Your pain sounds mechanical as it is exacerbated by swimming. There are several causes of mechanical shoulder pain ranging from those arising from the neck (cervical spine) to problems within the shoulder joint itself. The most common causes of persistent pain arising from the shoulder joint seen in triathletes include rotator cuff problems (impingement), acromioclavicular joint arthrosis(wear and tear), biceps (long head) tendonitis(inflammation)/ tendinosis(microtears) and labral (shoulder joint shock absorber) injury.

The location of the pain and association with other symptoms like loss of range of motion and clicking helps with differentiating the sources of pain. Pain on overhead activity, like those during the front crawl in swimming, suggests that impingement may be the most likely cause of your pain. Pain located at the acromioclavicular joint (protruding part at the end of the collar bone) or the long head of the biceps tendon (at the front of the shoulder joint) suggests problems there. Labral injuries often may result in sensations of instability, deep seated pain and also painful clicking.

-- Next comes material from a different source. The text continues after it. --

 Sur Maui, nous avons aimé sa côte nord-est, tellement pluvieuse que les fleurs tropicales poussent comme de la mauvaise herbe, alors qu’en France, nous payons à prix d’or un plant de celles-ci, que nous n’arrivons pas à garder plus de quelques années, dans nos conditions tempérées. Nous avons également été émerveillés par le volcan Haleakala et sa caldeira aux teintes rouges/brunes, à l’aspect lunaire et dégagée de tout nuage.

I would recommend that if the pain is persistent and is hampering your training, a quick visit to your doctor should be considered. Also, ask yourself if the pain is affecting your daily activities like washing of hair, dressing or sleeping on your side. That suggests that the pain may be affecting your daily life in addition to your sporting lifestyle.

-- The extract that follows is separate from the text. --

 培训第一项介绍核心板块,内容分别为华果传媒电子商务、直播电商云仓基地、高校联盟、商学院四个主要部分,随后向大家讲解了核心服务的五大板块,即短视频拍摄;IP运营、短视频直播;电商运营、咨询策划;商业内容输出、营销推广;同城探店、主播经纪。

With a thorough history, proper physical examination and perhaps a targeted investigation, the root cause of your pain can be isolated and addressed accordingly. Often, improving the scapular (shoulder blade) stability and modification of your swimming stroke can help a lot in preventing the pain from recurring.

To reduce injuries to the shoulder joint, scapular stabilization exercises are important and can be easily done. I often recommend my patients to start by pulling their shoulder blades backwards, imagining they are trying to crack a nut between the blades. They are to hold that position for 10 seconds, doing it at least 5-6 times a day. Of course, if there is persistent pain that affects your daily life or sporting lifestyle, seeking help early at your doctor’s will help with getting back your second wind quickly.